_Work to be completed_
Beneath this line sits some data. Return only its lines from the one holding "A critical component" through the one holding "HERMES 9D琥珀黄 Roulis19CM", inclusive, exactly, with the images removed.

[Items from a dataset]
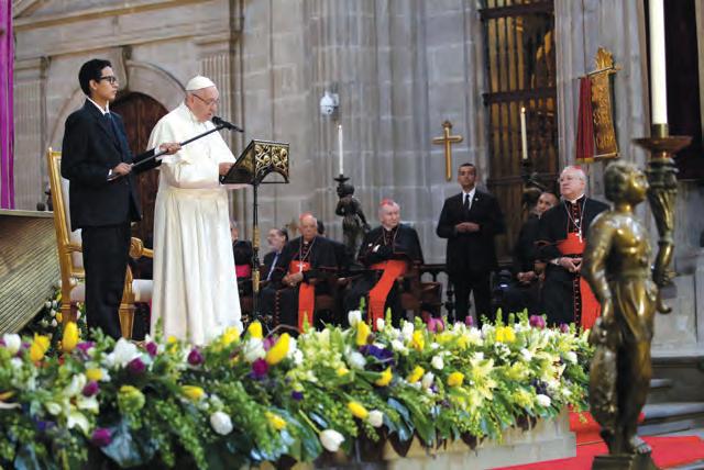 Reunidos en el patio central del Palacio Nacional, en la Ciudad de México, el Sumo Pontífice aseveró que un pueblo con juventud es capaz de renovarse y de alzar la mirada hacia el futuro. Por ello, es necesario reflexionar sobre la responsabilidad de construir el México que se dejará a las siguientes generaciones.
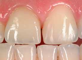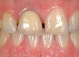 Durch Bleichen der Wurzel des Zahnes und mit einer Vollkeramikkrone konnte die Farbe des Zahnfleischs verbessert werden. Der abgebrochene Zahn wurde mit einem hochwertigen Kunststoff wieder hergestellt. Selbst bei dieser riesigen Vergrößerung ist kein Unterschied zwischen der Krone und dem eigenen Zahn feststellbar.
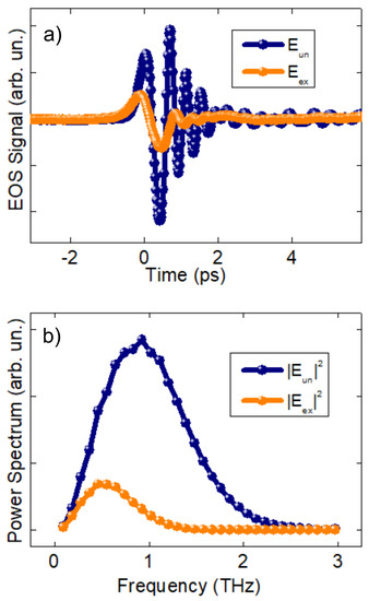Panel (a): EOS Signal of unexcited (blue dots) and excited (orange dots) transmitted THz electric fields 120 ps after the arrival of the optical Pump pulse (40 mJ/cm). Panel (b): Power spectra of the same waveforms.
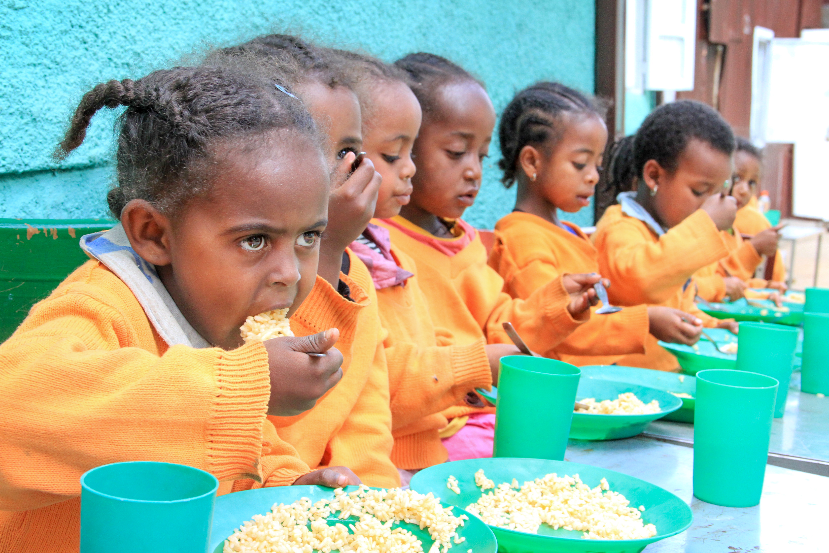 A critical component of the World Children's Fund fulfillment model is providing nutritional meals to orphans and vulnerable children in educational settings. Receiving food at school eradicates hunger and malnutrition and promotes school enrollment and retention.
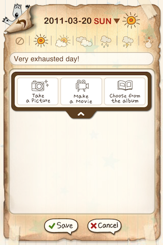 新增一篇日記吧!記下心情的點點滴滴外,Backkom還準備好多工具留下回憶喔!上方可調整新增時間,記錄天氣,打上標題之後,按一下向上箭頭的標籤頁,就會跑出三個選項來,可以「拍照」、「錄影」跟「用相簿照片」。
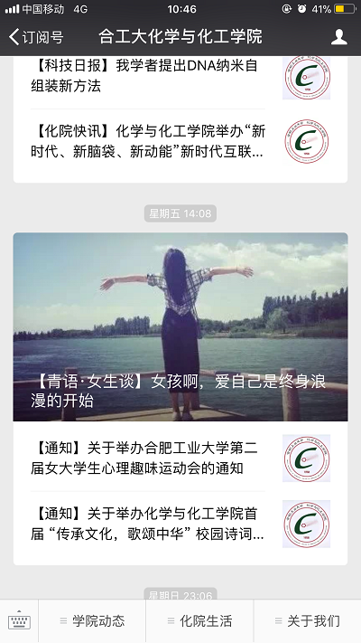 5月25日,该院心理协会在学院官方微信平台“合工大yl12311线路检测”上开设“青语|女生谈”心理健康交流版块,将分别从女大学生安全防范、自我修养、成长与成才等角度选题制作微信推文,通过微信平台进行心理健康知识宣传,鼓励女大学生树立积极的人格品质和生活态度。以线上推文的形式进行心理健康教育,有利于提升大学生心理调适能力,号召同学们关注自我、关爱自我、完善自我,受到了广泛关注与支持。
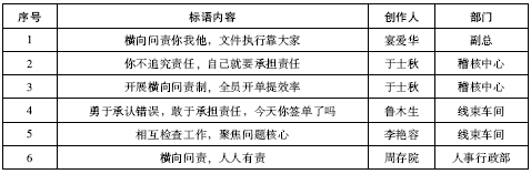 :横向问责宣传标语从一个一个员工中来,从这条责任链条里的每个人来。横向问责宣传标语如表4-5所示。
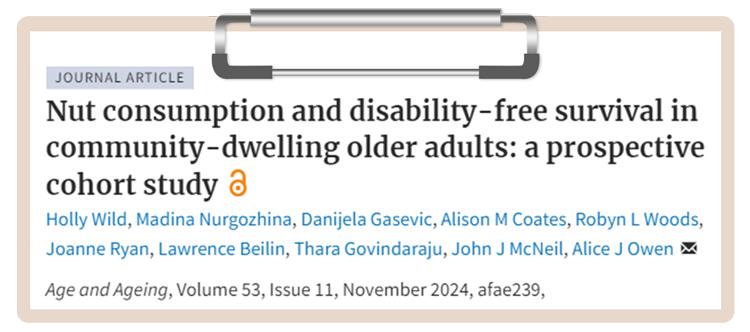[2]Holly Wild, Madina Nurgozhina, Danijela Gasevic, Alison M Coates, Robyn L Woods, Joanne Ryan, Lawrence Beilin, Thara Govindaraju, John J McNeil, Alice J Owen, Nut consumption and disability-free survival in community-dwelling older adults: a prospective cohort study, Age and Ageing, Volume 53, Issue 11, November 2024, afae239, https://doi.org/10.1093/ageing/afae239.
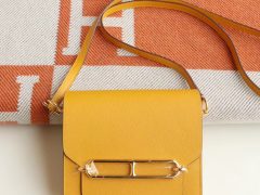 HERMES 9D琥珀黄 Roulis19CM 猪鼻子包 原厂evercolor皮 顶级纯手缝工艺缝制
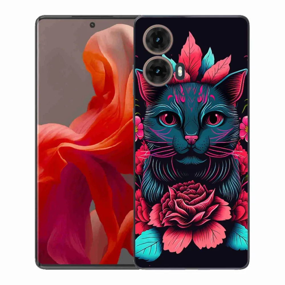 Pružný gélový obal mmCase s obrázkom na Motorola Moto G85 5G - kvety a mačka
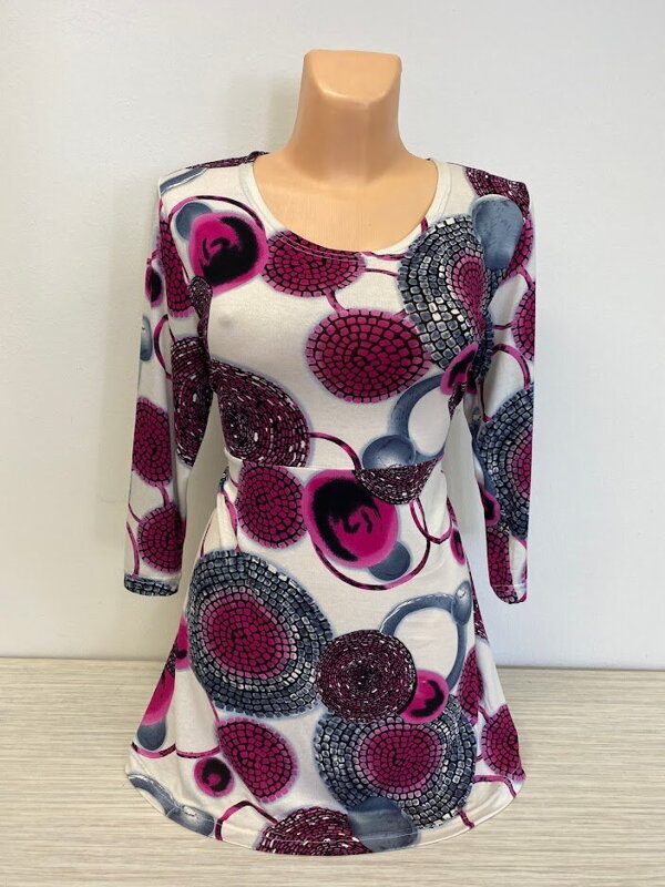 Nádherná halenka s cyklámenovým vzorem, střih a délka na přání, viskózový úplet.
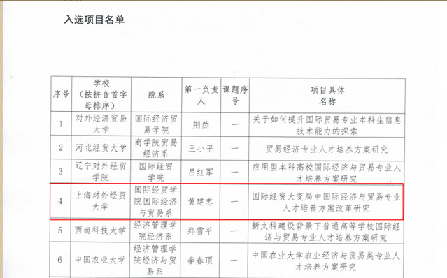 近日,经教育部高等学校经济与贸易类专业教学指导委员会组织专家评审,我校国际经济与贸易专业申报的“国际经贸大变局中国际经济与贸易专业人才培养方案改革研究”、“建设贸易强国背景下《中国对外贸易》金课建设研究” 和“建设贸易强国背景下《国际贸易实务》金课建设研究” 3个项目入选“经济与贸易类专业核心课程金课建设研究”资助。此次发布的研究课题是教育部经济与贸易类专业教学指导委员会首批“金课”建设项目,来自全国28所本科院校的32个项目入选。
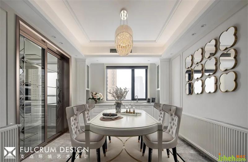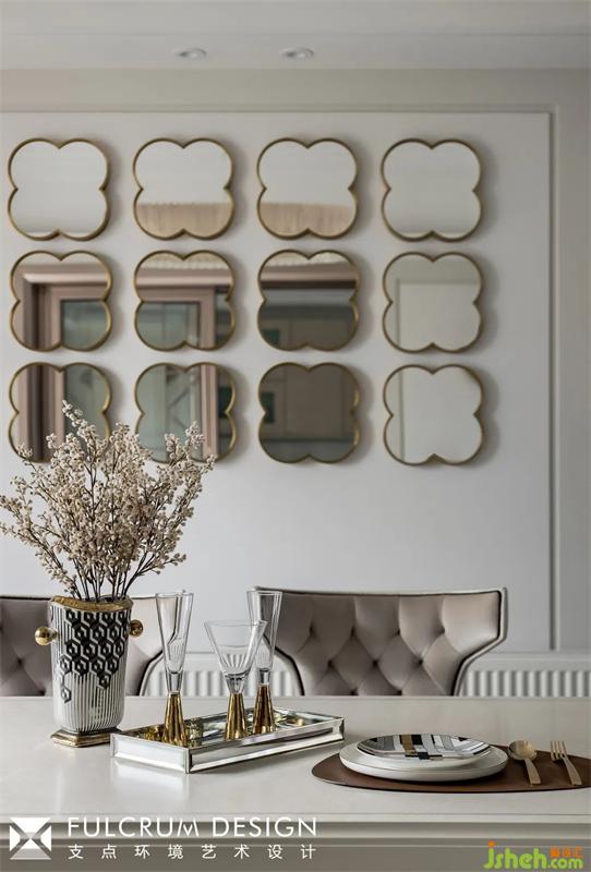 設計師把暖氣設備懸掛,隱藏在白色墻面之中,把梅花裝飾鏡以陣列組合的方式排布在墻面,吸引人的注意力,更加弱化設備存在感,鏡子金屬邊框與廚房梭門形成呼應。

_Task answer_
 A critical component of the World Children's Fund fulfillment model is providing nutritional meals to orphans and vulnerable children in educational settings. Receiving food at school eradicates hunger and malnutrition and promotes school enrollment and retention.
 新增一篇日記吧!記下心情的點點滴滴外,Backkom還準備好多工具留下回憶喔!上方可調整新增時間,記錄天氣,打上標題之後,按一下向上箭頭的標籤頁,就會跑出三個選項來,可以「拍照」、「錄影」跟「用相簿照片」。
 5月25日,该院心理协会在学院官方微信平台“合工大yl12311线路检测”上开设“青语|女生谈”心理健康交流版块,将分别从女大学生安全防范、自我修养、成长与成才等角度选题制作微信推文,通过微信平台进行心理健康知识宣传,鼓励女大学生树立积极的人格品质和生活态度。以线上推文的形式进行心理健康教育,有利于提升大学生心理调适能力,号召同学们关注自我、关爱自我、完善自我,受到了广泛关注与支持。
 :横向问责宣传标语从一个一个员工中来,从这条责任链条里的每个人来。横向问责宣传标语如表4-5所示。
[2]Holly Wild, Madina Nurgozhina, Danijela Gasevic, Alison M Coates, Robyn L Woods, Joanne Ryan, Lawrence Beilin, Thara Govindaraju, John J McNeil, Alice J Owen, Nut consumption and disability-free survival in community-dwelling older adults: a prospective cohort study, Age and Ageing, Volume 53, Issue 11, November 2024, afae239, https://doi.org/10.1093/ageing/afae239.
 HERMES 9D琥珀黄 Roulis19CM 猪鼻子包 原厂evercolor皮 顶级纯手缝工艺缝制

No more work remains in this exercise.